Because China’s economy has grown to a gigantic size, its top-down, command approach to economics, especially its trade policy, has destabilized and has begun to alienate several trading partners.
Those countries, smaller Asian nations especially, have only one rational response: put up with the economic ills imposed by Beijing while finding ways to disengage from China trade.
Although all countries manipulate trade policy to their own advantage, communist China has shown an especially ruthless and aggressive approach. In other countries, two considerations moderate such behavior. One is the risk of alienating important trading partners. Former President Donald Trump dared with China in the 2019 “trade war” because he and his team thought Beijing was already as hostile as it would likely become. China, in contrast, seems unconcerned about alienating others.
For most other countries, domestic pressure presents the other mitigator that seems not to exist in China. Every tariff, every quota, and every restriction of any kind creates domestic winners and losers. A steel tariff, for example, benefits steel producers at the expense of steel users. Pressures from these losers limit most nations’ use of aggressive behavior in trade policy. But China’s top-down, planned economy faces little such pressure, allowing Beijing to swing trade policy without such considerations and frequently to suit even transitory needs.
There is, however, a price to Beijing’s behavior. Three recent examples illustrate how Beijing behaves and how it will eventually hurt Chinese economics.
In early 2021, rising energy prices pushed up the price of fertilizer in China. In a truly market-based economy, the price increase would bring on increased supplies and a search for substitutes. But China’s top-town planners are less sensitive to price. Rather than allow producers to adjust, Beijing’s National Development and Reform Commission set out to relieve a momentary shortage by ordering a halt to any fertilizer exports.
The redirection of supplies moderated the price pressures in China but left China’s trading partners short and intensified the price pressures on them. With no immediate substitutes, the lack of fertilizer and the high prices forced these trading partners to take acreage out of production.
Food shortages developed, which intensified in 2022 with the loss of Russian and Ukrainian grain supplies. In the meantime, the loss of Russian fertilizer exports has left all, including China, again facing fertilizer shortages and high prices, something that would not be the case had China allowed producers to step up production in the first place.
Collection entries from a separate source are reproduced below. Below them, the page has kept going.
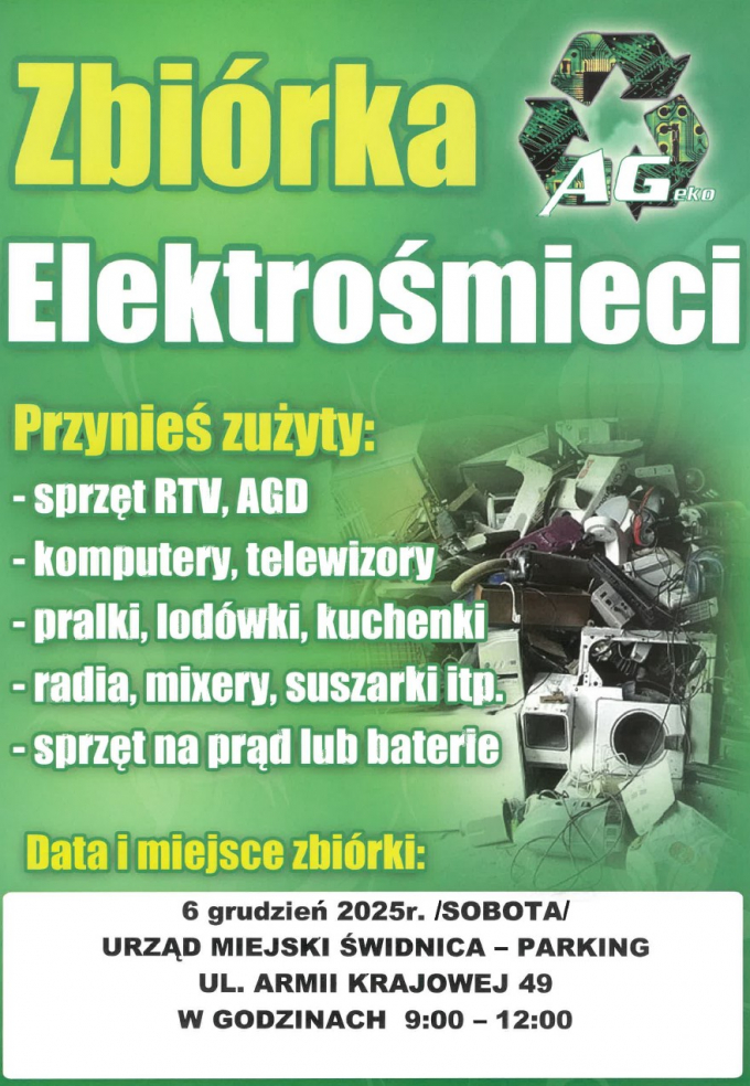 Jesteś w trakcie przedświątecznych porządków? Nie wiesz co zrobić z odpadami elektrycznymi i elektronicznymi? Przyjedź w sobotę, 6 grudnia w godzinach od 09:00 do 12:00 na parking Urzędu Miejskiego w Świdnicy i pozbądź się odpadów nieodpłatnie. Miasto wspólnie z firmą AG-EKO organizuje kolejną zbiórkę elektrośmieci.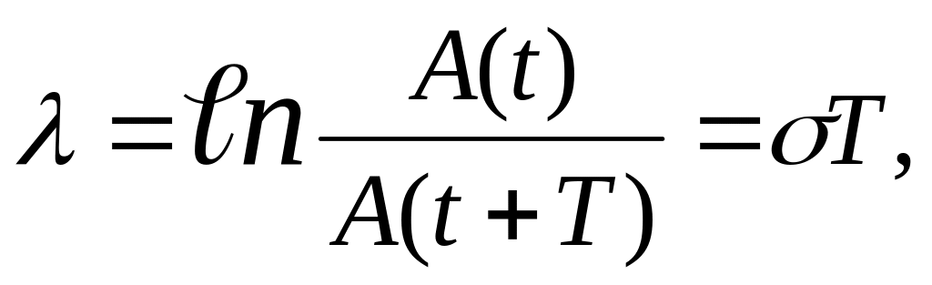 3. Логарифмический декремент затухания . Его определяют как натуральный логарифм отношения двух значений амплитуд, отличающихся на период Т, т. е.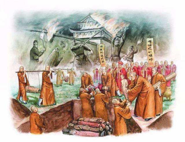 后来,太武帝听取三朝元老崔浩的建议,改信寇谦之创立的天师道教,开始彻底排斥佛教。也是倒霉,长安的一所寺庙后来牵连到盖吴起义之中,太武帝大怒,加上崔浩的推波助澜,正式开启了大规模的灭佛行动:长安几乎所有的沙门中人被诛杀,北魏全国的经文、佛像和寺庙被焚毁。
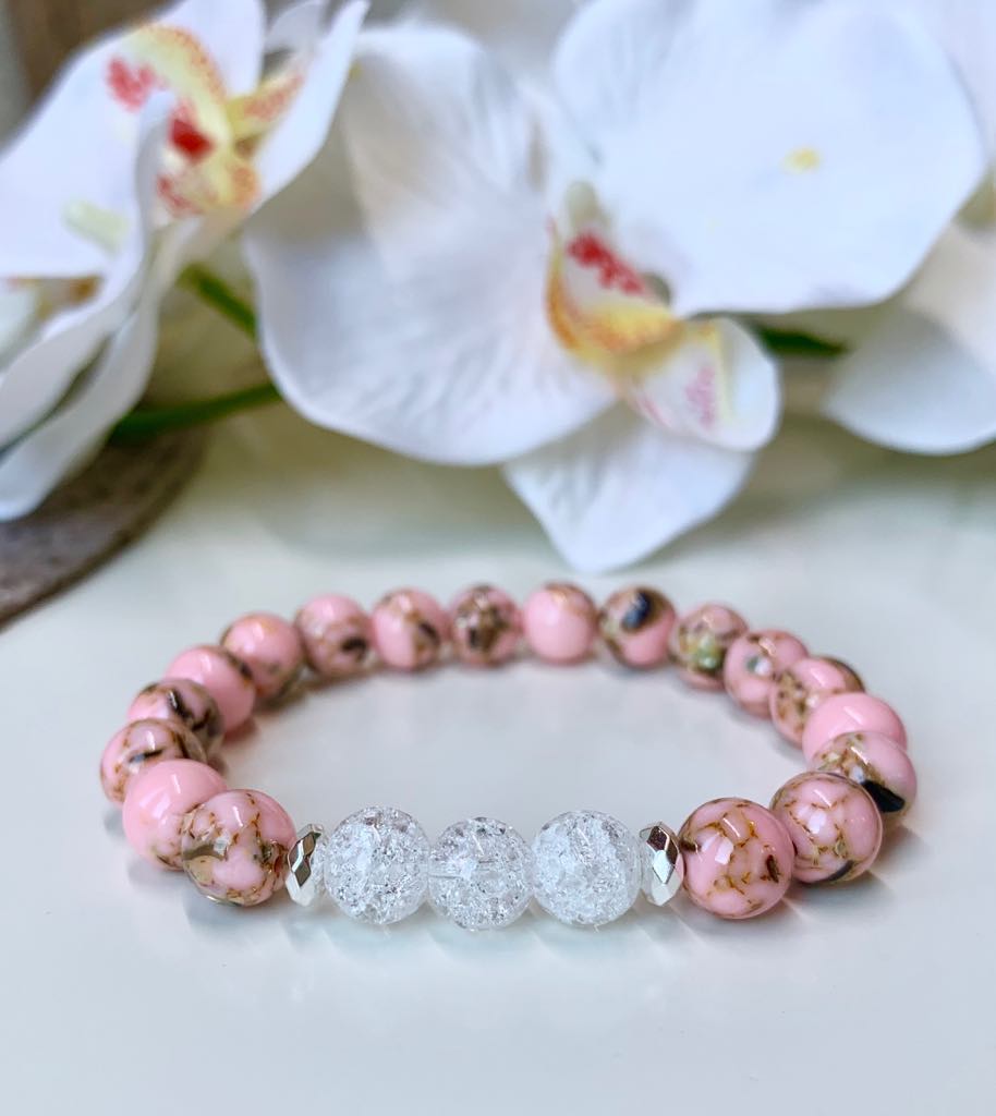Rózsaszín Préselt Kagylógyöngy Karkötő, Hegyikristállyal díszítve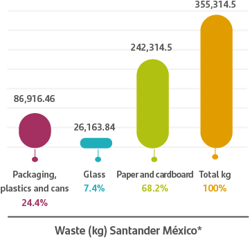 At Santander Mexico, we separate waste from the source to help decrease disposal in landfills. We have achieved this by implementing waste separation campaigns within the institution to help raise awareness among our employees.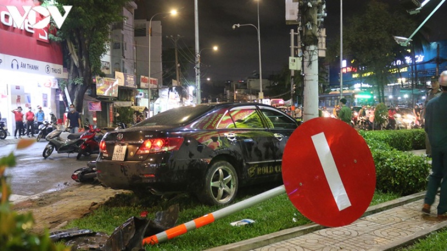 Ô tô con đâm hàng loạt xe máy khiến nhiều người bị thươngVOV.VN - Nhiều xe máy đang dừng đèn đỏ ở ngã tư Ung Văn Khiêm - Xô Viết Nghệ Tĩnh, bất ngờ bị xế hộp đâm thẳng khiến nhiều người bị thương.

Steel manipulation provides another example. After decades of excess Chinese steel output and predatory pricing to promote exports, much steel production in Europe, Japan, and the United States had shuttered.
By 2020, China produced about half the world’s steel. That year Beijing’s planners suddenly decided to cut back on production, mostly because of the pandemic but ostensibly for environmental reasons. Prices rose everywhere. While China’s trading partners scrambled to reestablish production, the planners in Beijing decided that the way to ease domestic price pressures was not to reemploy idle capacity but rather restrict exports by jacking up export taxes on steel products and easing former restrictions on imports of steel scrap.
These moves stabilized prices within China but intensified shortages and price pressures elsewhere. China made no friends doing this in the West and elsewhere. Instead, it acquired a reputation as an unreliable source. If Beijing were again to seek an increase in exports for any reason, it might find less enthusiastic buyers than if it had ignored its planners and, following market signals, had increased output.
The story of Chinese pork starts a little earlier. In 2018, China consumed about half the world’s pork, a staple of the Chinese diet. In addition to its own production, China imported about 17 percent of the global supply. When Asian swine fever forced China to cull some 40 percent of its pig herd, prices soared across the globe. Other economies responded by switching to other foods and beginning the process of building up their herds.
China again turned to trade policy. It cut its pork import tariffs from 12 percent to 8 percent, doubling its imports but in the process slowing the rebuilding of domestic production. Eventually, China did rebuild its herd, at which point Beijing returned pork tariffs to 12 percent.
Anyone who had responded to China’s immediate need was left with pork that it could not get rid of except at discount prices and an intense desire to rethink any renewed engagement with China.
If China were a market-based economy, its business leaders would make longer-term decisions on what they dared with their trading partners. If China were a less command-driven nation, Beijing would consider domestic interests when making policy decisions. But it is a top-down, planned economy that brooks no complaints from anyone. Its leaders and planners take neither heed of trading relationships nor will they consider the complaints of domestic interests.
If China were a small economy, as it once was, the absence of such moderators in trade policy would have little effect on its trading partners. But China is neither a market-based economy nor a small one.
The sudden shifts that Beijing engages in have a profound impact on others. Recognizing all this, leaders in most other countries would reconsider their involvement in China trade if they take any heed to long-term consequences. Beijing’s approach is hurting China’s long-term economic prospects.